[Source data]
-------

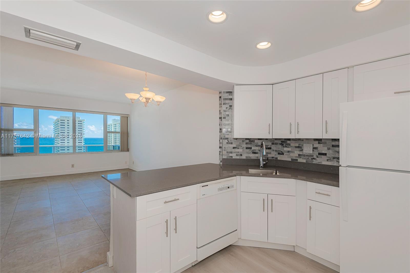 Wake up every day to breathtaking direct ocean views from your brand-new glass balcony, enjoy stunning sunrises and sunsets. This beautifully updated penthouse offers an open-concept kitchen with sleek white cabinetry, quartz countertops, and luxury vinyl flooring, while tile flooring flows throughout the living areas. Your spacious bedroom features a walk-in closet, bathroom with a modern vanity and a bathtub with a sliding glass door. High-impact windows and door. Nestled in a sought-after 55+ community just two blocks from the beach, with resort-style amenities, including a heated saltwater pool, fitness center, library, BBQ area, and 24-hour security. Walking distance of restaurants, shops, and places of worship. Embrace the ultimate beachfront lifestyle—schedule your viewing today!
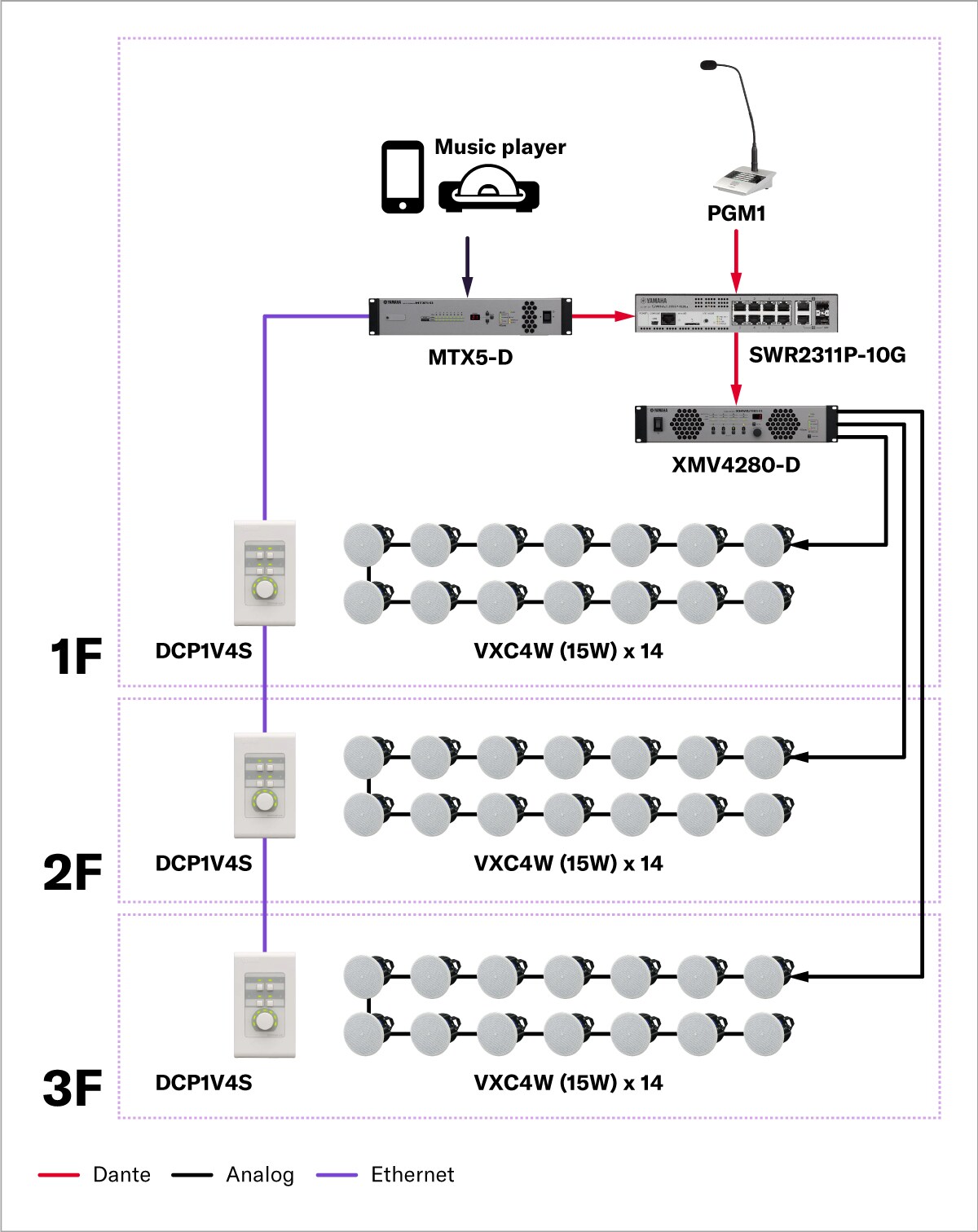 If the area is spread over more zones, or if there are more speakers per zone, use the XMV series of higher output multi-channel power amplifiers. This allows a single system to complete a large institutional store or shopping mall.
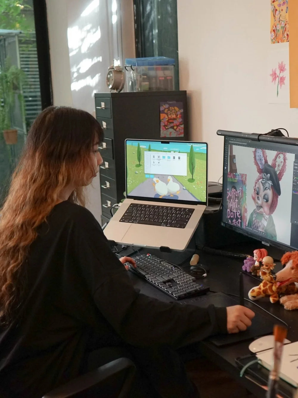 Using Adobe Photoshop, IYA creates striking textures and vivid colors. She hopes her art sparks humor and dark comedy, encouraging viewers to value and support artists.
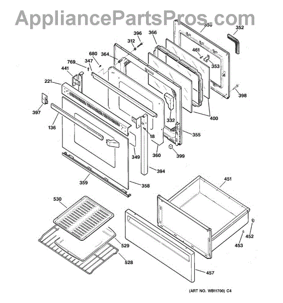 Parts for Ge JBP48WA4: 03 - Door & Drawer Parts
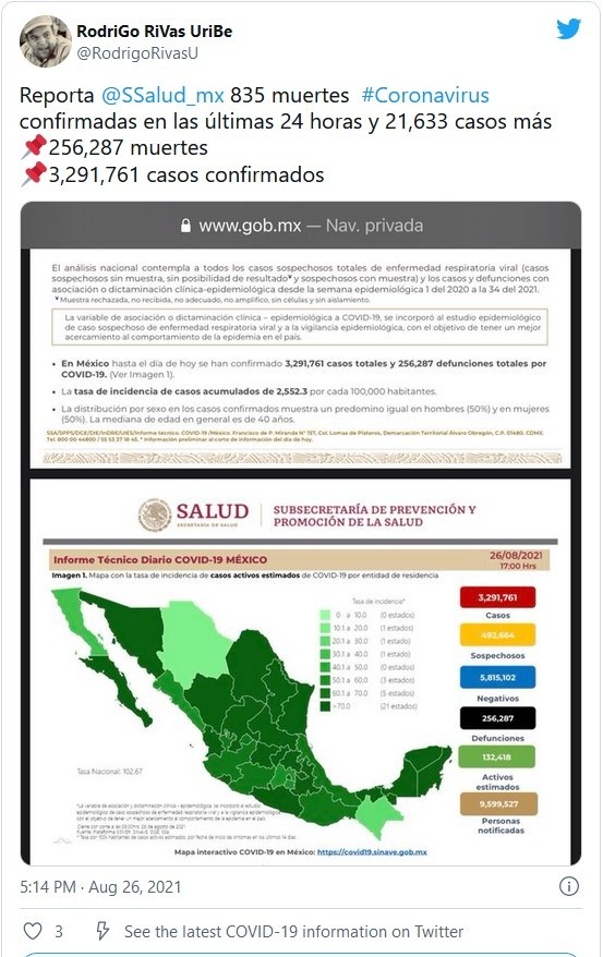 La Secretaría de Salud reportó este jueves 835 nuevas muertes por COVID-19 hasta alcanzar las 256 mil 287, además de 20 mil 633 nuevos casos para un total de tres millones 291 mil 761 contagios, en plena tercera ola que inició a finales de mayo.Apenas el miércoles, México reportó 986 muertes, el pico más alto de esta tercera ola.Con estos registros, el país se mantiene como el cuarto país con más muertes por COVID-19 por detrás de Estados Unidos, Brasil y la India, y el decimoquinto en número de contagios confirmados, según el recuento de la Universidad Johns Hopkins.Calculan que hay 132 mil 418 casos activos en el país, que han presentado síntomas durante los últimos 14 días y que suponen el 3.8 % del total.Desde el inicio de la pandemia se han recuperado dos millones 623 mil 625 personas.La ocupación media de camas generales es del 53 %, y del 46 % para camas de terapia intensiva.Las autoridades también indicaron que hasta ahora el programa de vacunación, que contempla a todos los mayores de 18 años, ha administrado 82.67 millones de dosis de la vacuna anticovid, al sumar 755 mil 015 en la última jornada.El reporte también precisó que 32.27 millones de personas han completado el esquema de vacunación, del total de 126 millones de habitantes que tiene el país.Si te interesó esta noticia y quieres saber más, entonces descarga y descubre INFORMAPlus, la aplicación digital de EL INFORMADOR, en donde tenemos contenidos exclusivos, seleccionados por nuestros editores, para darles una experiencia más completa a los lectores. Si eres suscriptor de EL INFORMADOR tu acceso está incluido, solicítalo al 33 3678-7777Descarga la aplicación y pruébala GRATIS por treinta días.Para iOS: https://apple.co/35jaVgbPara Android: https://bit.ly/3gwVSEVJM
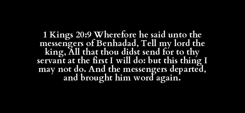 1 Kings 20:9 Wherefore he said unto the messengers of Benhadad, Tell my lord the king, All that thou didst send for to thy servant at the first I will do: but this thing I may not do. And the messengers departed, and brought him word again.

-------

Transcribe each of the records above precisely, with no pictures in the copy.

 Wake up every day to breathtaking direct ocean views from your brand-new glass balcony, enjoy stunning sunrises and sunsets. This beautifully updated penthouse offers an open-concept kitchen with sleek white cabinetry, quartz countertops, and luxury vinyl flooring, while tile flooring flows throughout the living areas. Your spacious bedroom features a walk-in closet, bathroom with a modern vanity and a bathtub with a sliding glass door. High-impact windows and door. Nestled in a sought-after 55+ community just two blocks from the beach, with resort-style amenities, including a heated saltwater pool, fitness center, library, BBQ area, and 24-hour security. Walking distance of restaurants, shops, and places of worship. Embrace the ultimate beachfront lifestyle—schedule your viewing today!
 If the area is spread over more zones, or if there are more speakers per zone, use the XMV series of higher output multi-channel power amplifiers. This allows a single system to complete a large institutional store or shopping mall.
 Using Adobe Photoshop, IYA creates striking textures and vivid colors. She hopes her art sparks humor and dark comedy, encouraging viewers to value and support artists.
 Parts for Ge JBP48WA4: 03 - Door & Drawer Parts
 La Secretaría de Salud reportó este jueves 835 nuevas muertes por COVID-19 hasta alcanzar las 256 mil 287, además de 20 mil 633 nuevos casos para un total de tres millones 291 mil 761 contagios, en plena tercera ola que inició a finales de mayo.Apenas el miércoles, México reportó 986 muertes, el pico más alto de esta tercera ola.Con estos registros, el país se mantiene como el cuarto país con más muertes por COVID-19 por detrás de Estados Unidos, Brasil y la India, y el decimoquinto en número de contagios confirmados, según el recuento de la Universidad Johns Hopkins.Calculan que hay 132 mil 418 casos activos en el país, que han presentado síntomas durante los últimos 14 días y que suponen el 3.8 % del total.Desde el inicio de la pandemia se han recuperado dos millones 623 mil 625 personas.La ocupación media de camas generales es del 53 %, y del 46 % para camas de terapia intensiva.Las autoridades también indicaron que hasta ahora el programa de vacunación, que contempla a todos los mayores de 18 años, ha administrado 82.67 millones de dosis de la vacuna anticovid, al sumar 755 mil 015 en la última jornada.El reporte también precisó que 32.27 millones de personas han completado el esquema de vacunación, del total de 126 millones de habitantes que tiene el país.Si te interesó esta noticia y quieres saber más, entonces descarga y descubre INFORMAPlus, la aplicación digital de EL INFORMADOR, en donde tenemos contenidos exclusivos, seleccionados por nuestros editores, para darles una experiencia más completa a los lectores. Si eres suscriptor de EL INFORMADOR tu acceso está incluido, solicítalo al 33 3678-7777Descarga la aplicación y pruébala GRATIS por treinta días.Para iOS: https://apple.co/35jaVgbPara Android: https://bit.ly/3gwVSEVJM
 1 Kings 20:9 Wherefore he said unto the messengers of Benhadad, Tell my lord the king, All that thou didst send for to thy servant at the first I will do: but this thing I may not do. And the messengers departed, and brought him word again.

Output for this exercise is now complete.